Roger spoke a little sternly, and glad of an excuse to turn his attention from herself to some one else, Hester replied,—
“It was in the same box with t’other paper, and I s’pose she’s got it who snooped till she found the will.”
She glanced meaningly at Mrs. Walter Scott, who deigned her no reply, but who began to feel uneasy with regard to the letter of which she had not before heard, and whose contents she did not know.
Neither Roger nor Frank wished to mix Magdalen up with the matter, if possible to avoid it, and no mention was made of her then, and Hester was suffered to believe it was Mrs. Walter Scott who had found the will.
“You read the letter, Hester. Tell me what was in it,” Roger said.

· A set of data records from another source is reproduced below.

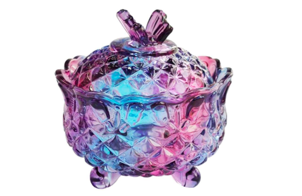 Moms, grandmas, wives, and anyone else who loves a bit of whimsy will love this stunning multi-use footed glass box that can hold anything from sugar to jewelry. The rainbow colors reflect light beautifully, but there are also clear and amber options for those who prefer a more muted color palette in their home.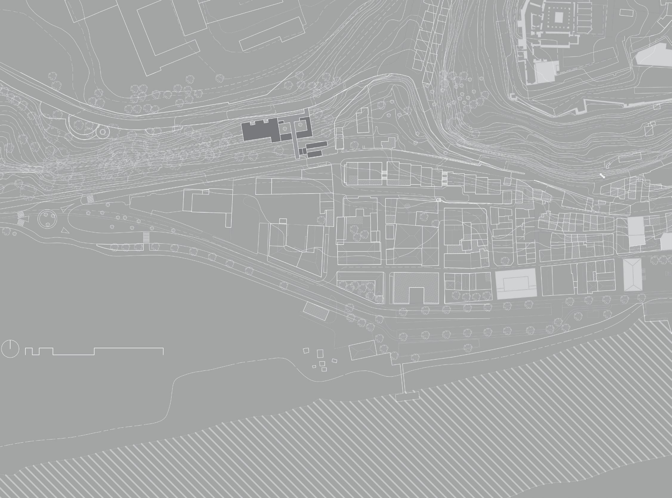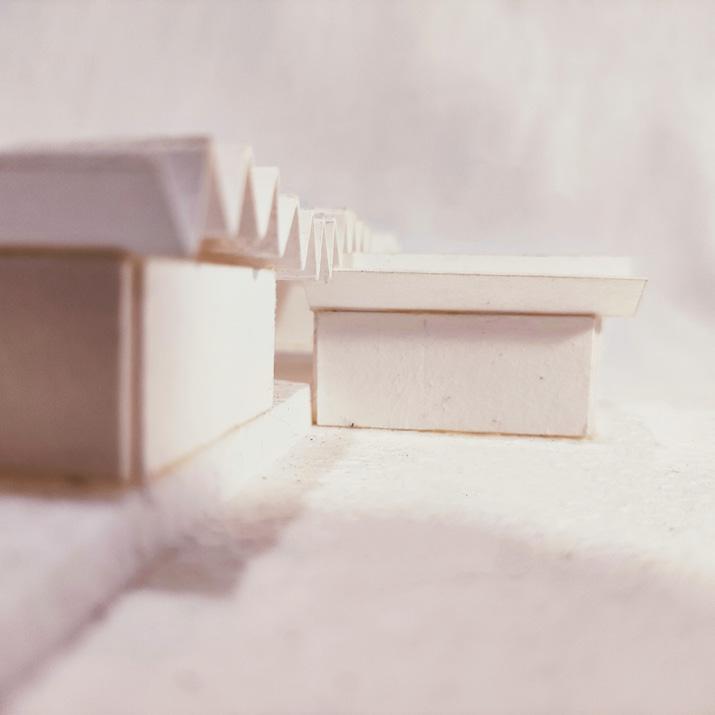 El primero más alargado y bajo, que alberga el programa administrativo, tiene una altura menor para mantener una cordial relación con la trama urbanística de Malpica.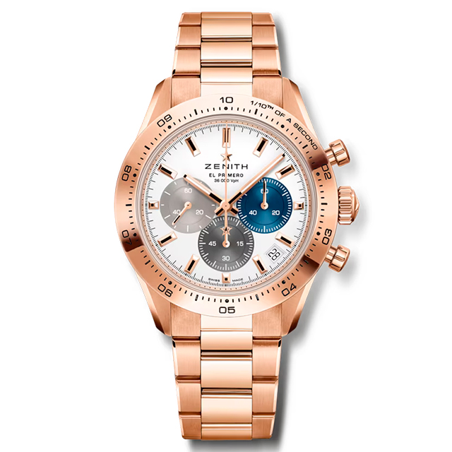 ホワイトの3色文字盤、ポンプ型のプッシュボタン、ゴールドブレスレットなど、伝統的なゼニスのクロノグラフの要素を現代的なフォルムのローズゴールドケースに組み込んだクロノマスター スポーツの新作。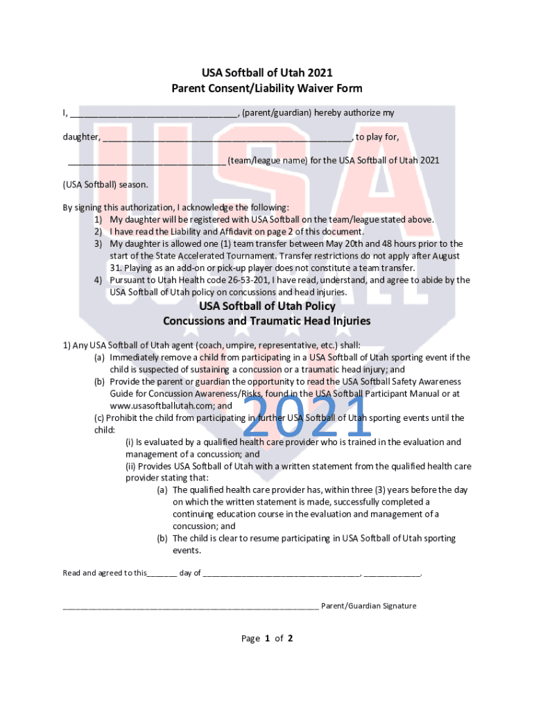 USA Softball of Utah 2021 Parent Consent/Liability Waiver Form I, (parent/guardian) hereby authorize my daughter, to play for, (team/league name) for the USA Softball of Utah 2021 (USA Softball) season.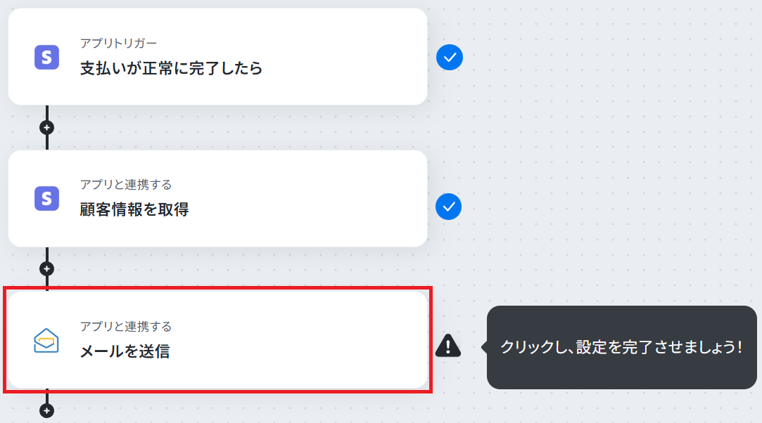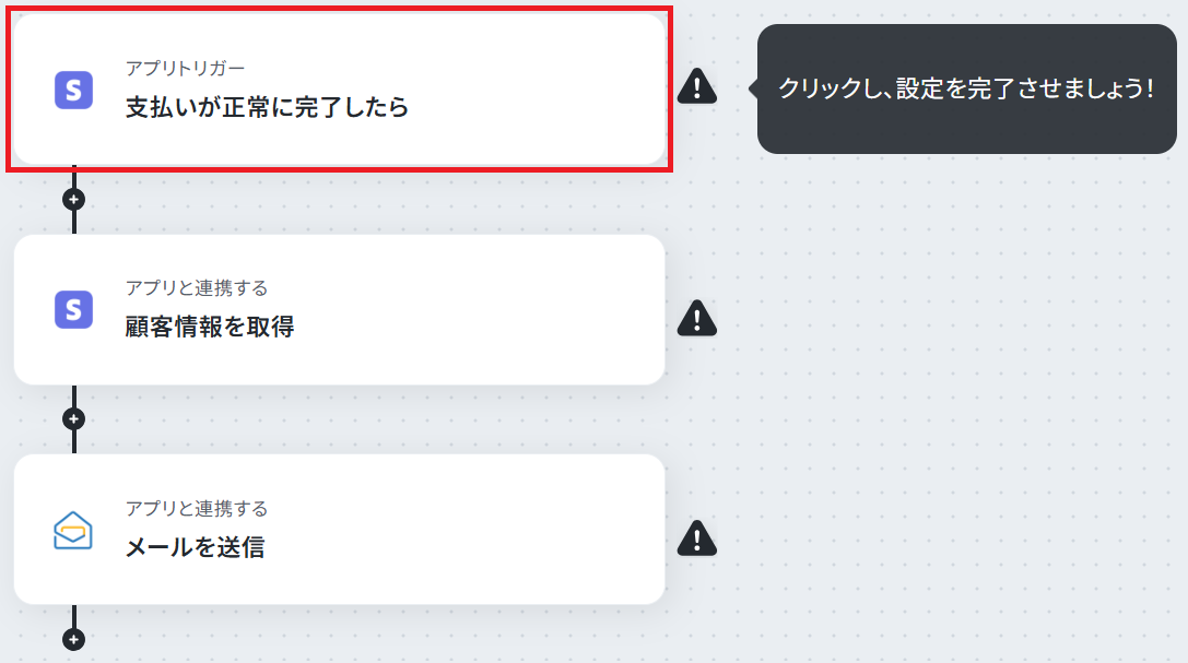 今回はStripeで支払いが正常に完了したら、Zoho Mailでメールを送信するフローを作成していきます!作成の流れは大きく分けて以下です。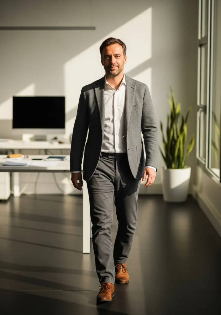 A light grey blazer is styled with a white shirt and deep navy trousers for a timeless business casual look. The brown leather shoes and belt tie everything together and add a classic touch. The fit is clean and balanced with a relaxed yet confident feel.

And then Hester’s face flushed, and her eyes flashed fire, as she replied,—
“There was in it that which had never or’ to be writ. He giv the reason why he made this will. He was driv to it by somebody who pisoned his mind with the biggest, most impossible slander agin the sweetest, innocentest woman that ever drawed the breath.”
Roger was listening eagerly now, with a fiery gleam in his blue eyes, and his nostrils quivering with indignation.
Mrs. Walter Scott was listening, too, her face very pale, except where a bright spot of red burned on her cheeks, and her lips slightly apart, showing her white teeth.
Frank was listening also, and gradually coming to an understanding of what had been so mysterious before.